Hi all,
I may not have good understanding of power analysis so far. But I'm trying to run a power analysis to see what sample size would give significant success result. The logistic model looks as below approximately.
P(success)= b0+b1*Treatment+b2*Time + b3* Treatment | Time + B4* Others.
Treatment is binary.
Time is ordinal six time points 0, 1, 2, 3, 4, 5.
Others are any other categorical (essentially binary) variables.
If I wanted to do test at significant level 0.5 and power 0.8, how should I interpret the output from the code below? Thank you!
proc power;
logistic
vardist("Success") = BINOMIAL (0.5, 1)
vardist("Treatment") = binomial(0.5, 1)
vardist("time") = ordinal((0 1 3 4 5):(0 0.1 0.2 0.3 0.4))
testpredictor = "Success"
covariates = "Treatment"|"time"
responseprob = 0.4 0.5 0.6 .07
testoddsratio = 1.4
alpha = 0.05
power = 0.8
ntotal = .;
run;
Are you asking how to interpret this part of the result?
Computed N Total | |||
---|---|---|---|
Index | Response Prob | Actual Power | N Total |
1 | 0.40 | 0.800 | 1160 |
2 | 0.50 | 0.800 | 1114 |
3 | 0.60 | 0.800 | 1160 |
4 | 0.07 | 0.800 | 4242 |
First, I suspect that you might have meant to use
responseprob = 0.4 0.5 0.6 0.7
instead of the actual
responseprob = 0.4 0.5 0.6 .07
Since you provided 4 options for responseprob you have an ntotal sample size calculated for each one.

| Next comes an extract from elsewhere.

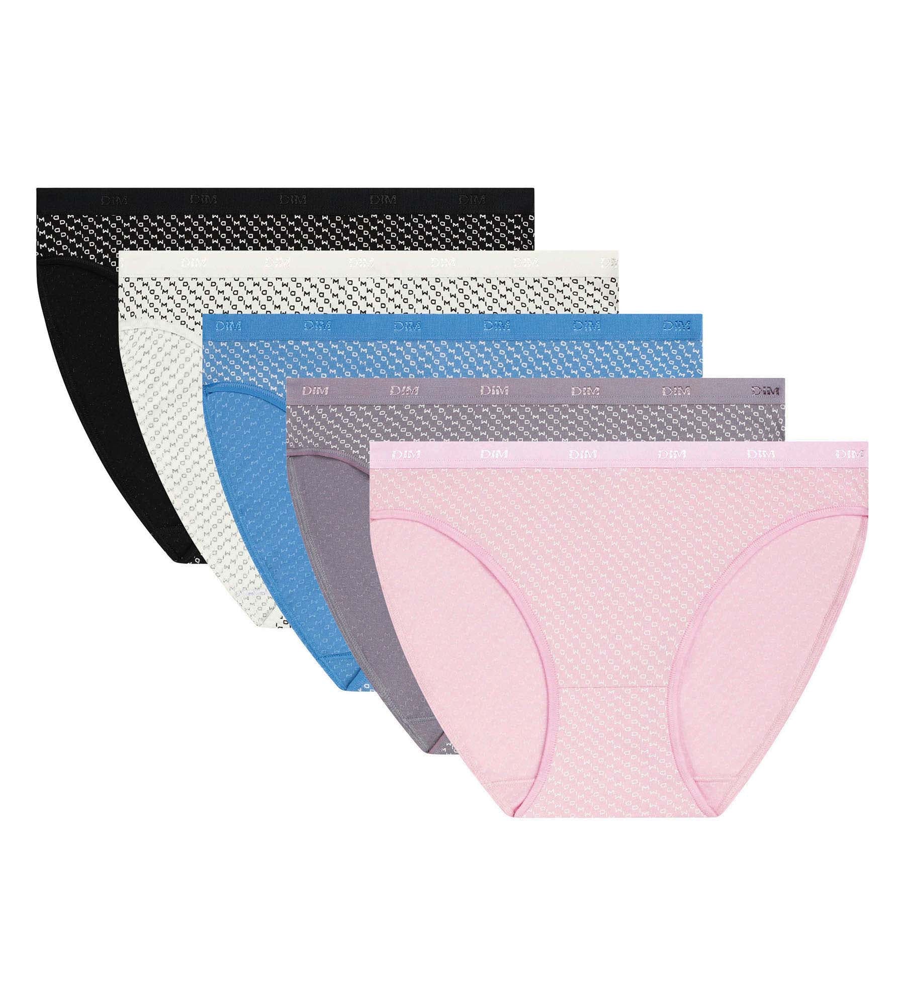 Verliebe dich in das 5er-Pack Damen-Slips aus Stretch-Baumwolle Les Pockets Logo DIM mit grafischem Stil in einer vielseitigen Farbpalette.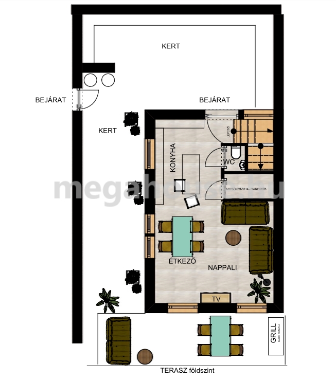 Az épület alaprajza jól átgondolt. Az előtérből az 52 nm-es, majdnem egészében fedett terasszal rendelkező, amerikai konyhás/étkezős nappalba jutunk. Szintén az előtérből nyílik egy praktikus gardrób/mosókonyha helyiség és egy vendég mosdó.

If the actual responseprob value comes in close to 0.4 then you need a sample size around 1160 and so on for each responseprob value.

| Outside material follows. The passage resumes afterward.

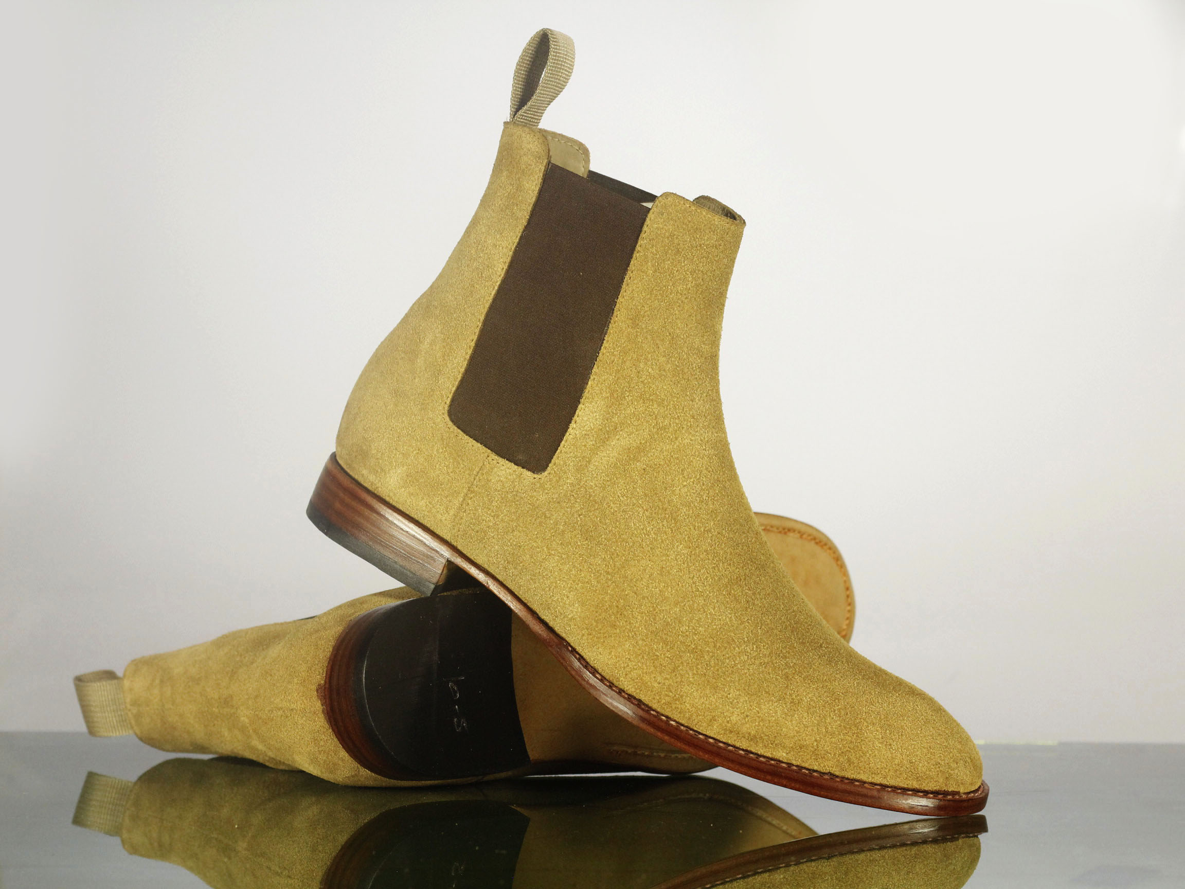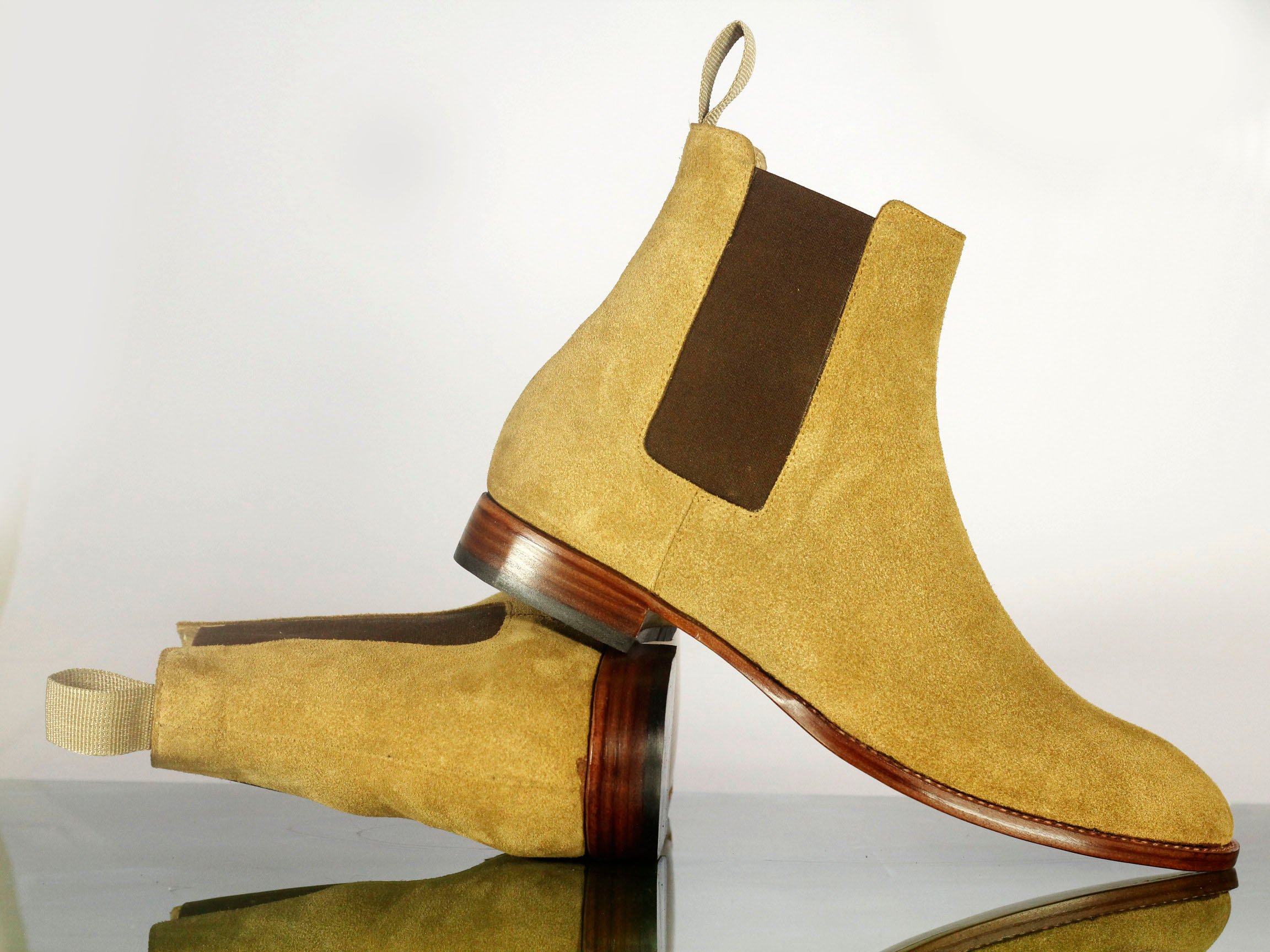 Handmade Men's Beige Suede Chelsea Dress Formal Boots

If you are asking why the last value had an Ntotal of 4242, much larger than the others, it is because of the probable typo of .07 where you may have intended 0.7 . A lower probability of a response means that you need a larger sample to the needed number of "successes"
Are you asking how to interpret this part of the result?
Computed N Total | |||
---|---|---|---|
Index | Response Prob | Actual Power | N Total |
1 | 0.40 | 0.800 | 1160 |
2 | 0.50 | 0.800 | 1114 |
3 | 0.60 | 0.800 | 1160 |
4 | 0.07 | 0.800 | 4242 |
First, I suspect that you might have meant to use
responseprob = 0.4 0.5 0.6 0.7
instead of the actual
responseprob = 0.4 0.5 0.6 .07
Since you provided 4 options for responseprob you have an ntotal sample size calculated for each one.

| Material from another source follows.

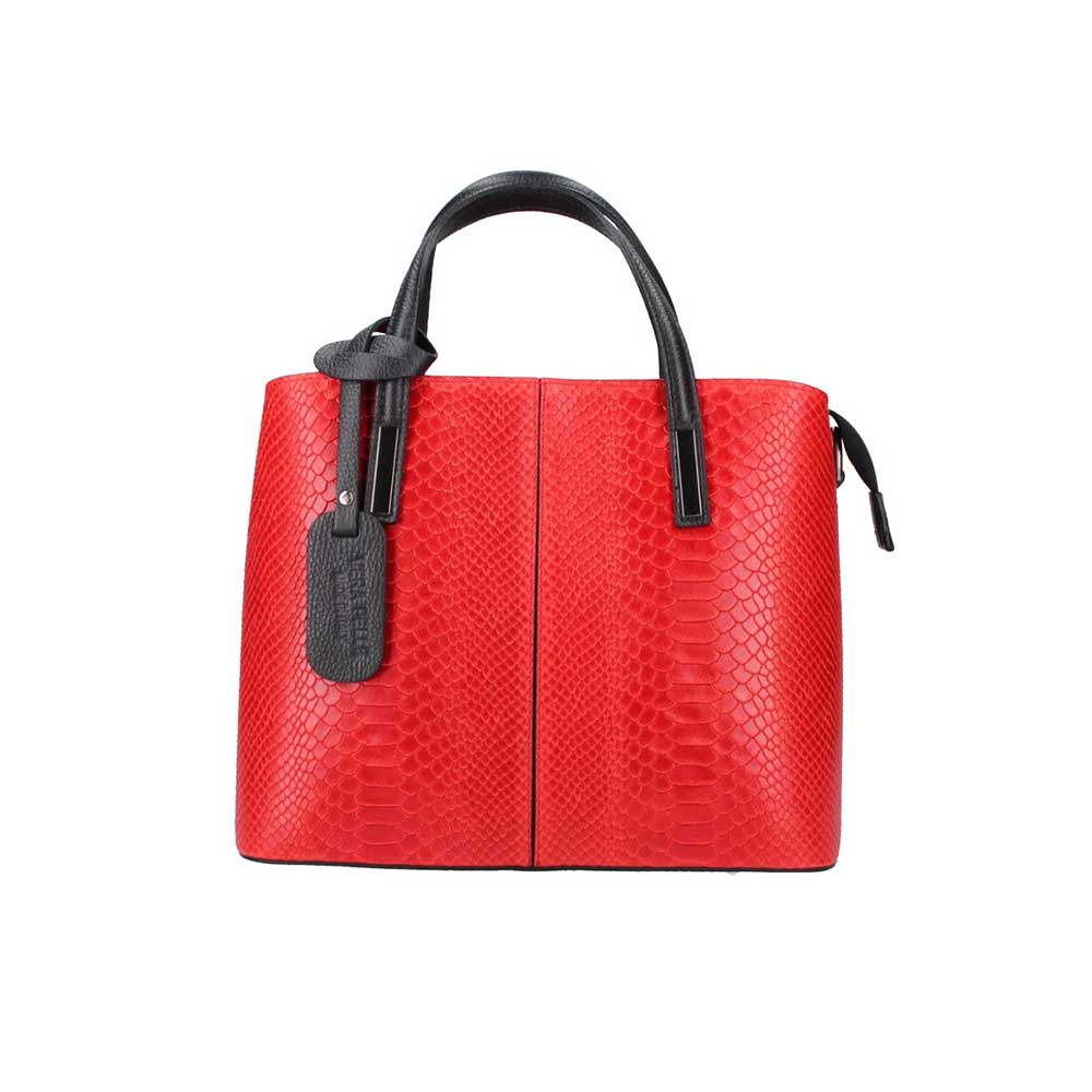 Δερμάτινη τσάντα χειρός με snakeprint, Merle, Κόκκινο, Iris Bags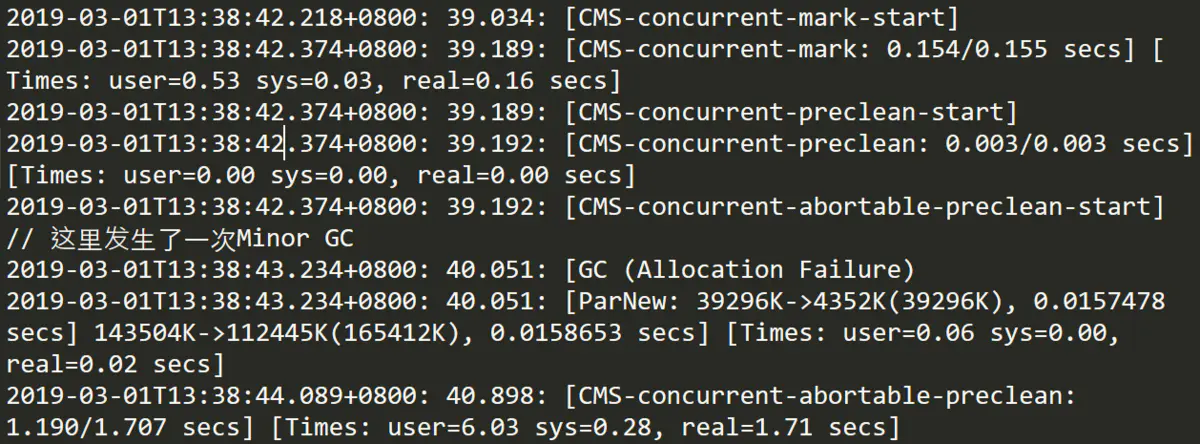 该阶段进行了细分,但都是和用户线程并发进行的[CMS-concurrent-mark表示并发标记阶段,会遍历整个年老代并且标记活着的对象,后面的0.154/0.155 secs表示该阶段持续的时间和时钟时间,耗时0.15秒,可见耗时是比较长的。

If the actual responseprob value comes in close to 0.4 then you need a sample size around 1160 and so on for each responseprob value.
If you are asking why the last value had an Ntotal of 4242, much larger than the others, it is because of the probable typo of .07 where you may have intended 0.7 . A lower probability of a response means that you need a larger sample to the needed number of "successes"
Thanks, Ballard!
The interpretation is very helpful! Yes, I meant to use
responseprob = 0.4 0.5 0.6 0.7
Further questions I have are
1. Do the binary outcome variable and any binary covariates need to be set up as binomial(0.5, 1)?
2. I currently have vardist("time") = ordinal((0 1 3 4 5):(0 0.1 0.2 0.3 0.4)) even though there are six time points. I meant to skip the third time point (time =2). If I have all six time points and use vardist("time") = ordinal((0 1 2 3 4 5):(0 0.1 0 0.2 0.3 0.4)), does it mean the same thing as vardist("time") = ordinal((0 1 3 4 5):(0 0.1 0.2 0.3 0.4)) ? How would interpretation be different if I use vardist("time") = ordinal((0 1 3 4 5):(0 0.2 0.1 0.3 0.4)) ?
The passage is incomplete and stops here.